• [Exercise directions] Please reproduce the entries exactly, skipping each picture.

• [Data to process]

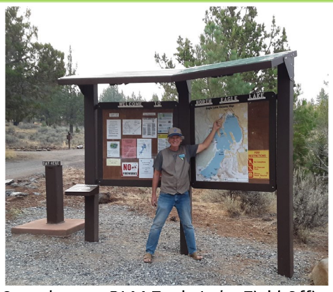
Camphost at BLM Eagle Lake Field Office

The BLM Eagle Lake Field Office obtained hosts at the North Eagle Lake Campground and the Hobo Camp Day Use Area. The hosts assisted with facility cleaning, graffiti removal and conducted multiple public contacts at the North Eagle Lake and Rocky Point Campgrounds as well as along the Bizz Johnson National Trail. Funding from Fee Dollars collected onsite and from events was utilized to pay the volunteer campground host stipend and purchase a new kiosk and fee box.
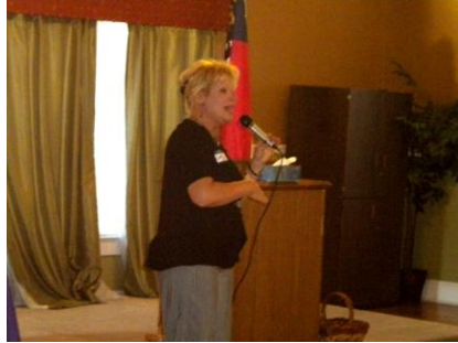
Praise and worship music most excellent

Do you live in Hotel Hell with the fruit of the spirit locked up? Take the keys. No secret will not be brought out before God at the judgment.
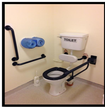
Toilets – before and after
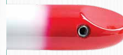
RW Red / White
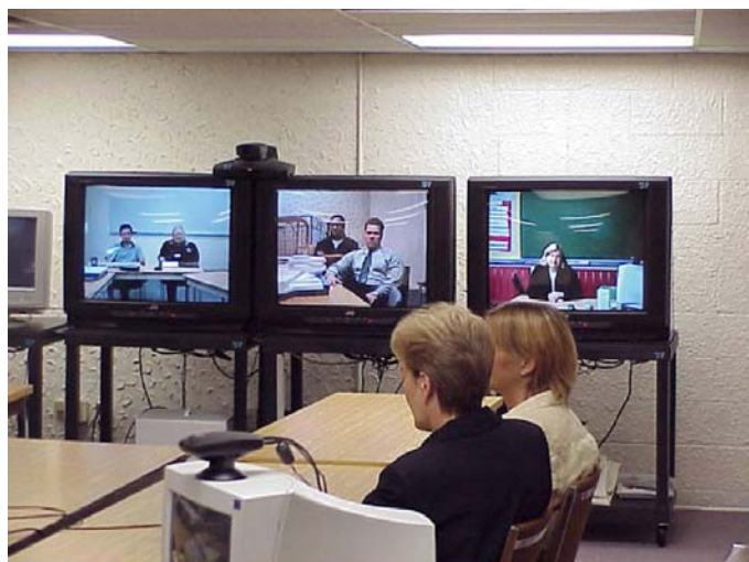
Education Services Centre - First Class Inservice
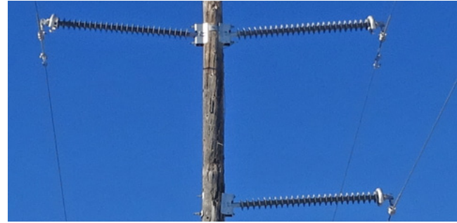
Above: An example of the new hardware.
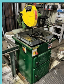
14" Doringer D350 Cold Saw
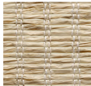
PE604-09 Relaxed Sand
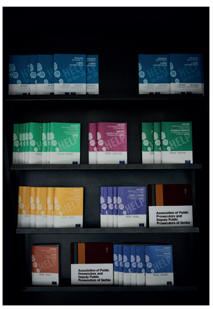
Glossaries of the European Convention of Human Rights

The glossary developed by the Division aims to guide legal professionals from Council of Europe member states in using the correct terminology when they make Convention-based arguments in national proceedings and to develop a full understanding when reading judgments in English. In 2016, the following linguistic versions were available: Albanian, Armenian, Azerbaijani, Bulgarian, Bosnian, Georgian, Romanian, Russian, Serbian and Ukrainian.
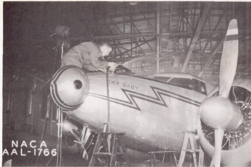
Figure 1.- Lockheed 12A. NC-17397. (Lorr Laboratories). Ground test set-up used to demonstrate rain-repellent application on windshield.
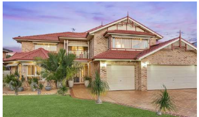
21 Beaumont Drive, Beaumont Hills 5 Beds / 3 Baths / 3 Cars $2,165,000
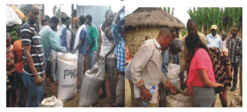
Fig. 2: Theoretical and practical workshops training, demonstrations and audio-visual discussions
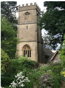
The beautiful Norman church of St John the Evangelist in Elkstone, Gloucestershire
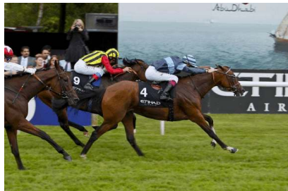
Giofra
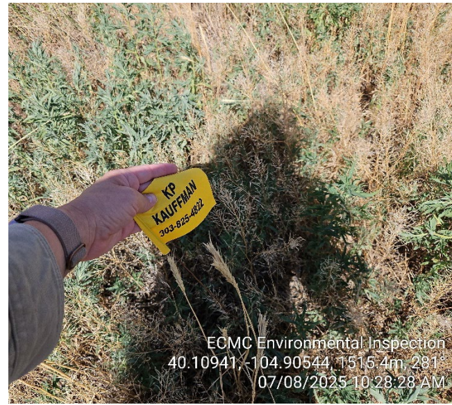
Point Photo 11
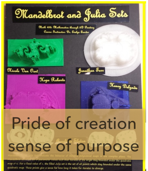
Pride of creation sense of purpose
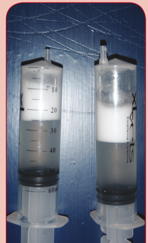
FIGURE 2: SAMPLE OF FLUID FROM THE LUNGS

Photograph of the inside of the windpipe just as it enters the lungs. The drops of mucus can be seen as lighter coloured accumulations at the bottom of the photo.
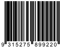
Thunder Battery Box Part No. TDR02007
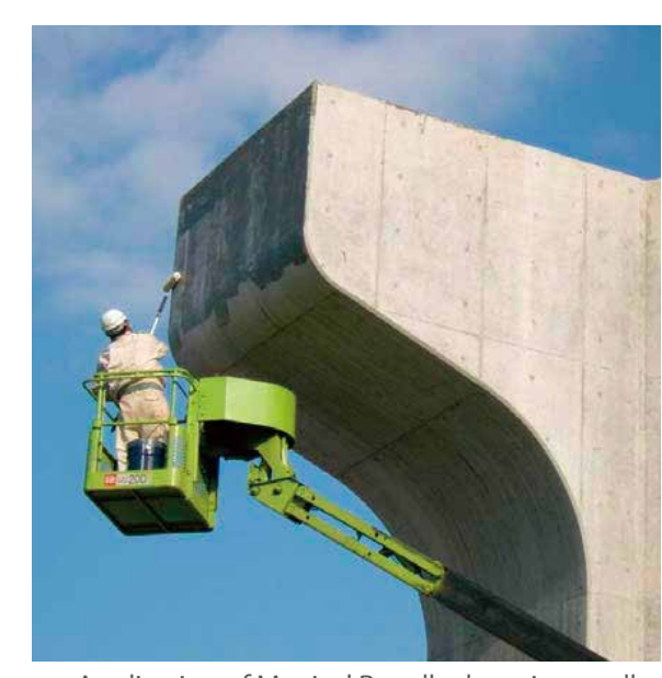
Application of Magical Repeller by using a roller

• Since is does not use organic solvents, the work environment is greatly improved and it is environmentally friendly material.
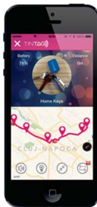
Figure 12: Map of Last Tintag Locations

The application keeps track of the locations where your item to which it is attached was last seen so that you can easily remember where you've left it. You can also cycle through all the locations where the Tintag was detected.
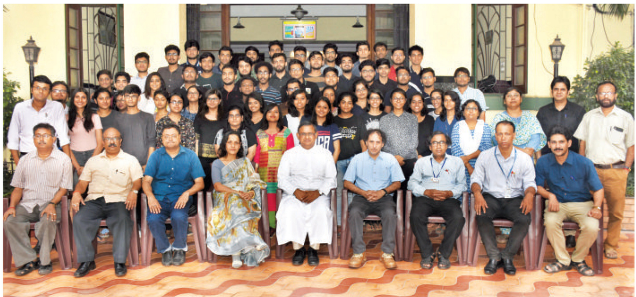
Computer Science, B.Sc.

The Department of Computer Science turned twenty-three this year. The last twenty-two years have been very fruitful and a learning experience for the department. The department is grateful to all the stalwarts who have guided it through thick and thin over the last twenty-two years.
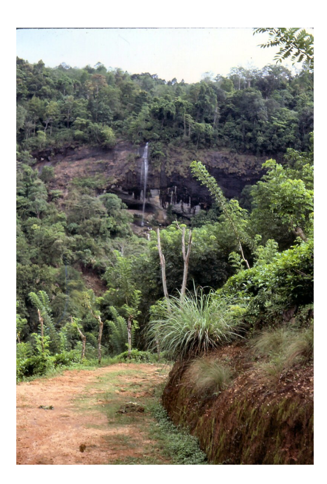
Figure 3. Fa Hien Cave at Pahiyangala (courtesy of Kenneth Kennedy).

In 1817-1818 the Vedda rallied with an upstart Sinhala insurrection led by Dorai Svami against the newly established British rule over the entire island, which had displaced the authority of the up-country Kandyan rulers. The rebellion crushed by the British military, eliminated the local aristocracy and Vedda influence. Following this, the Vedda groups declined throughout the 19th century. By the turn of the 20th century, they were considered to be on the verge of extinction (Seligmann and Seligmann 1911), or soon to be absorbed into the dominant Sinhala/ Tamil populations (Deraniyagala 1963; Dharmadasa and Samarasinghe 1990). In the mid-20th century Mahaweli River irrigation projects gave farmlands for the Sinhala population for expansion into the Vedda's life support regions. Where irrigation systems have been renovated and made available since the 1950s, thousands of Vedda have opted to resettle and engage in paddy cultivation and along with Sinhala farmers acquired land in the Mahaweli River plains.
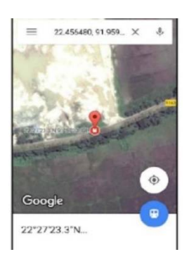
Fig 3: Location tracking using gps
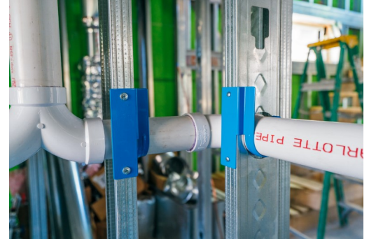
Inside of the wall: Holds and Protects pipes and can be used with both wood or metal studs
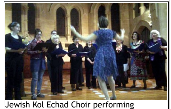
Jewish Kol Echad Choir performing
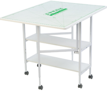
Dixie Cutting Table

Arrow sewing cabinet - check! Now add even more convenience to your studio with a dedicated cutting table like Dixie , specially designed to complement your primary Arrow sewing cabinet. Add style, storage and comfort to your growing sewing oasis!
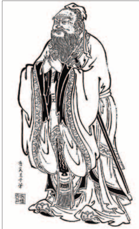
Portrait of the teaching Confucius, by Wu Daozi, ca. 685-758 A.D.

The successes of ancient China in economic development were the result of the influence of the Confucian philosophical school, led by Confucius himself (551-476 B.C.) and his follower, Mencius (372-289 B.C.). Their school of thought, parallel to that of Socrates and Plato in Europe, has served as the driving force for every era of progress in science and the arts in China—including the current one—much as the Pla-
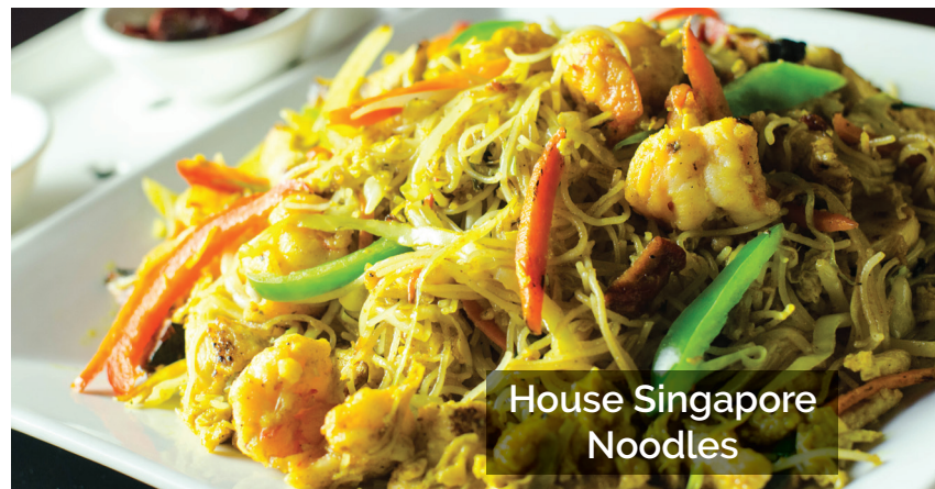
House Singapore Noodles
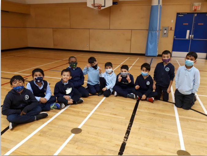
2-1 students listening to gym rules.
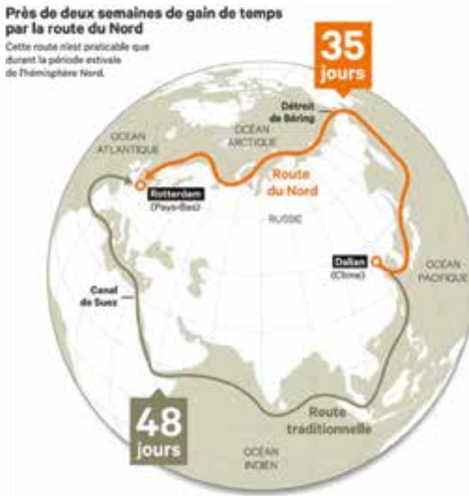
Figure 5. New Arctic Waterways Which Shortened the Sail to 12 Days

2012, China and Iceland signed a cooperation agreement that included six items regarding the Arctic, navigation and science [LP, 2012]. In 2013, China and Iceland signed a free trade agreement, hoping to strengthen its economic partnership with Iceland [LE, 2013a]. In fact, an attempt by China to strengthen the relations with Iceland to construct future Arctic waterways has been carried out on a daily basis [NYT, 2013].
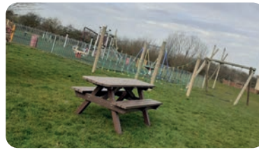
2 Play park Benches Funded by CIL
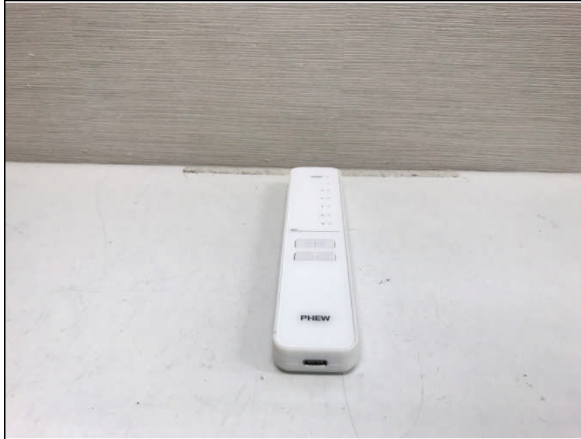
Rear view of EUT
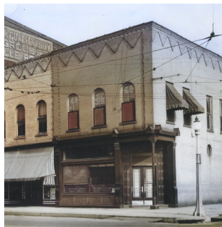
1922 127 W 2nd Street Seymour
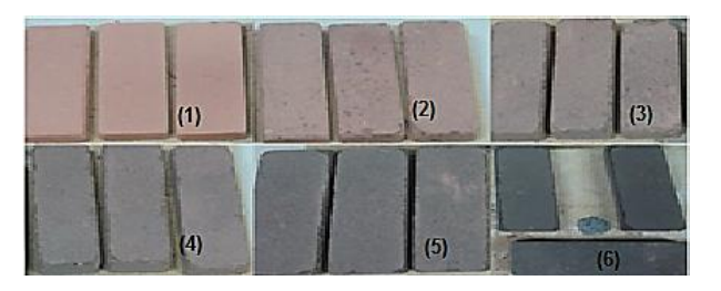
Fig. 3. Test specimen after pressing

E=thickness \quad C=Length \quad L=Width
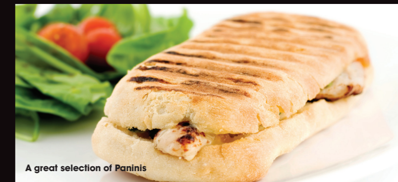
A great selection of Paninis
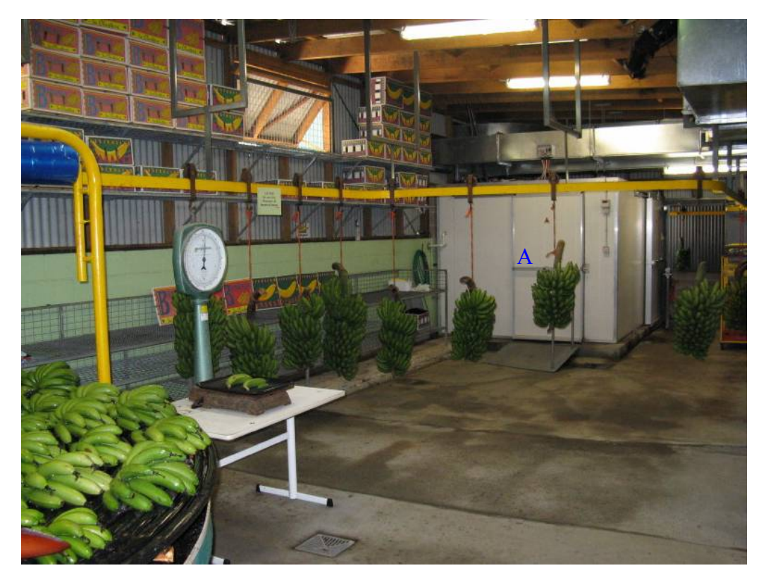
Figure 4. Packing shed in a small commercial facility showing cool room (A), harvested bunches hanging on a conveyor system, and turntable (left foreground) for washing individual hands removed from the bunches.

reduced to 85%. Ethylene gas is pumped in at a rate that provides the desired speed of ripening (Morton 1987).
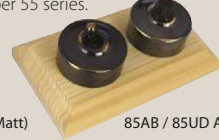
85AB / 85UD AB

VISIT OUR WEBSITE TO VIEW THE COMPLETE RANGE
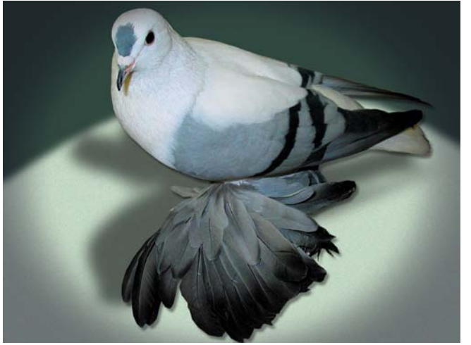
Blue black bar Silesian swallow at the 2008 Pageant. Bred and owned by Bill Greibel
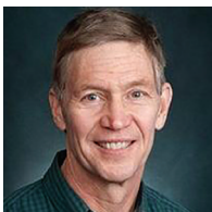
Frank Garry Veterinary Extension

"Causes and management of calf loss in north America"
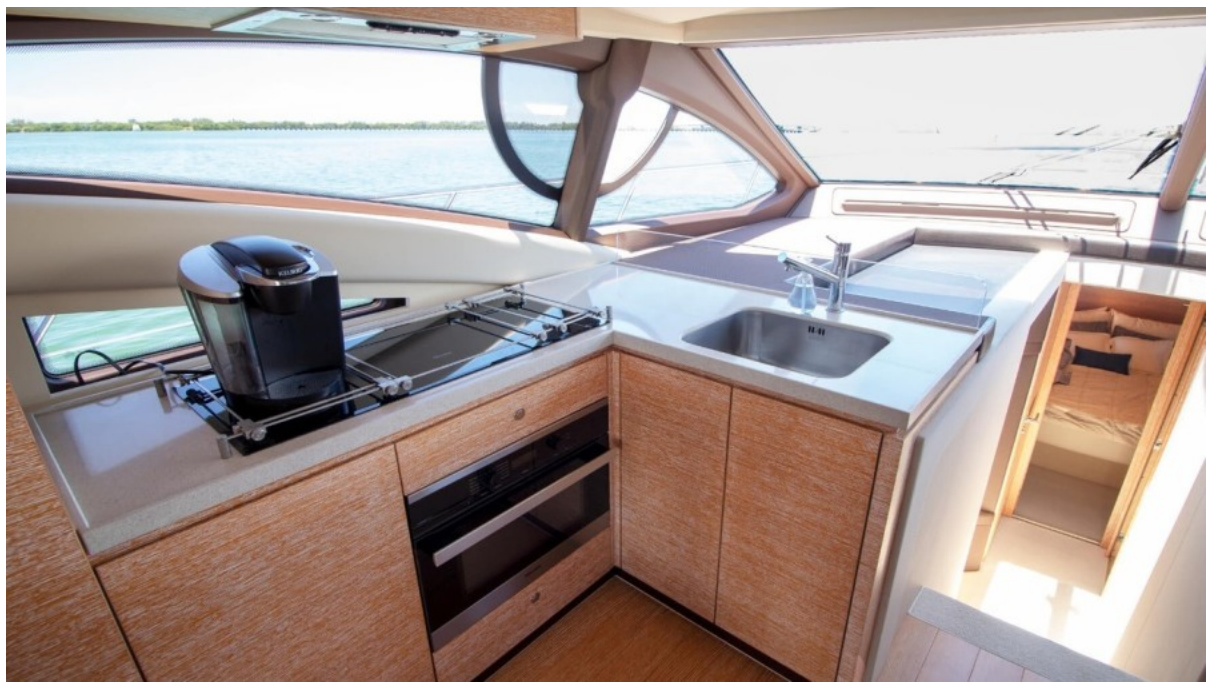
2014 54 Azimut Flybridge - Eddie's Money - Galley
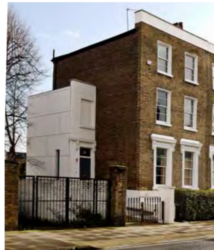
Artleigh Road N1 - Side and rear extensions to semi-detached house in a Conservation Area
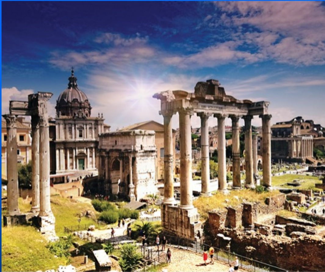
Figure 12.1. The forum in Rome

Jan. 14 th and 21 st 2024 Our Spring Semester
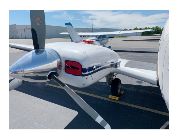
Beech Baron 58 Engine Plugs
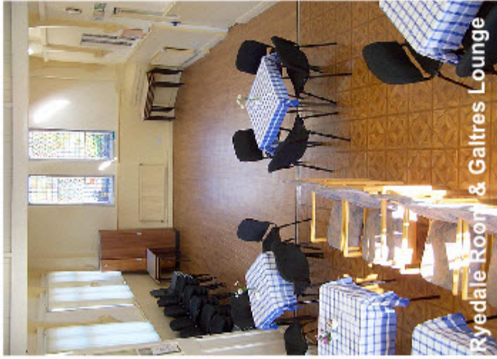
Ryedale Room & Galtres Lounge

• [Written response]
Camphost at BLM Eagle Lake Field Office

The BLM Eagle Lake Field Office obtained hosts at the North Eagle Lake Campground and the Hobo Camp Day Use Area. The hosts assisted with facility cleaning, graffiti removal and conducted multiple public contacts at the North Eagle Lake and Rocky Point Campgrounds as well as along the Bizz Johnson National Trail. Funding from Fee Dollars collected onsite and from events was utilized to pay the volunteer campground host stipend and purchase a new kiosk and fee box.
Praise and worship music most excellent

Do you live in Hotel Hell with the fruit of the spirit locked up? Take the keys. No secret will not be brought out before God at the judgment.
Toilets – before and after
RW Red / White
Education Services Centre - First Class Inservice
Above: An example of the new hardware.
14" Doringer D350 Cold Saw
PE604-09 Relaxed Sand
Glossaries of the European Convention of Human Rights

The glossary developed by the Division aims to guide legal professionals from Council of Europe member states in using the correct terminology when they make Convention-based arguments in national proceedings and to develop a full understanding when reading judgments in English. In 2016, the following linguistic versions were available: Albanian, Armenian, Azerbaijani, Bulgarian, Bosnian, Georgian, Romanian, Russian, Serbian and Ukrainian.
Figure 1.- Lockheed 12A. NC-17397. (Lorr Laboratories). Ground test set-up used to demonstrate rain-repellent application on windshield.
21 Beaumont Drive, Beaumont Hills 5 Beds / 3 Baths / 3 Cars $2,165,000
Fig. 2: Theoretical and practical workshops training, demonstrations and audio-visual discussions
The beautiful Norman church of St John the Evangelist in Elkstone, Gloucestershire
Giofra
Point Photo 11
Pride of creation sense of purpose
FIGURE 2: SAMPLE OF FLUID FROM THE LUNGS

Photograph of the inside of the windpipe just as it enters the lungs. The drops of mucus can be seen as lighter coloured accumulations at the bottom of the photo.
Thunder Battery Box Part No. TDR02007
Application of Magical Repeller by using a roller

• Since is does not use organic solvents, the work environment is greatly improved and it is environmentally friendly material.
Figure 12: Map of Last Tintag Locations

The application keeps track of the locations where your item to which it is attached was last seen so that you can easily remember where you've left it. You can also cycle through all the locations where the Tintag was detected.
Computer Science, B.Sc.

The Department of Computer Science turned twenty-three this year. The last twenty-two years have been very fruitful and a learning experience for the department. The department is grateful to all the stalwarts who have guided it through thick and thin over the last twenty-two years.
Figure 3. Fa Hien Cave at Pahiyangala (courtesy of Kenneth Kennedy).

In 1817-1818 the Vedda rallied with an upstart Sinhala insurrection led by Dorai Svami against the newly established British rule over the entire island, which had displaced the authority of the up-country Kandyan rulers. The rebellion crushed by the British military, eliminated the local aristocracy and Vedda influence. Following this, the Vedda groups declined throughout the 19th century. By the turn of the 20th century, they were considered to be on the verge of extinction (Seligmann and Seligmann 1911), or soon to be absorbed into the dominant Sinhala/ Tamil populations (Deraniyagala 1963; Dharmadasa and Samarasinghe 1990). In the mid-20th century Mahaweli River irrigation projects gave farmlands for the Sinhala population for expansion into the Vedda's life support regions. Where irrigation systems have been renovated and made available since the 1950s, thousands of Vedda have opted to resettle and engage in paddy cultivation and along with Sinhala farmers acquired land in the Mahaweli River plains.
Fig 3: Location tracking using gps
Inside of the wall: Holds and Protects pipes and can be used with both wood or metal studs
Jewish Kol Echad Choir performing
Dixie Cutting Table

Arrow sewing cabinet - check! Now add even more convenience to your studio with a dedicated cutting table like Dixie , specially designed to complement your primary Arrow sewing cabinet. Add style, storage and comfort to your growing sewing oasis!
Portrait of the teaching Confucius, by Wu Daozi, ca. 685-758 A.D.

The successes of ancient China in economic development were the result of the influence of the Confucian philosophical school, led by Confucius himself (551-476 B.C.) and his follower, Mencius (372-289 B.C.). Their school of thought, parallel to that of Socrates and Plato in Europe, has served as the driving force for every era of progress in science and the arts in China—including the current one—much as the Pla-
House Singapore Noodles
2-1 students listening to gym rules.
Figure 5. New Arctic Waterways Which Shortened the Sail to 12 Days

2012, China and Iceland signed a cooperation agreement that included six items regarding the Arctic, navigation and science [LP, 2012]. In 2013, China and Iceland signed a free trade agreement, hoping to strengthen its economic partnership with Iceland [LE, 2013a]. In fact, an attempt by China to strengthen the relations with Iceland to construct future Arctic waterways has been carried out on a daily basis [NYT, 2013].
2 Play park Benches Funded by CIL
Rear view of EUT
1922 127 W 2nd Street Seymour
Fig. 3. Test specimen after pressing

E=thickness \quad C=Length \quad L=Width
A great selection of Paninis
Figure 4. Packing shed in a small commercial facility showing cool room (A), harvested bunches hanging on a conveyor system, and turntable (left foreground) for washing individual hands removed from the bunches.

reduced to 85%. Ethylene gas is pumped in at a rate that provides the desired speed of ripening (Morton 1987).
85AB / 85UD AB

VISIT OUR WEBSITE TO VIEW THE COMPLETE RANGE
Blue black bar Silesian swallow at the 2008 Pageant. Bred and owned by Bill Greibel
Frank Garry Veterinary Extension

"Causes and management of calf loss in north America"
2014 54 Azimut Flybridge - Eddie's Money - Galley
Artleigh Road N1 - Side and rear extensions to semi-detached house in a Conservation Area
Figure 12.1. The forum in Rome

Jan. 14 th and 21 st 2024 Our Spring Semester
Beech Baron 58 Engine Plugs
Ryedale Room & Galtres Lounge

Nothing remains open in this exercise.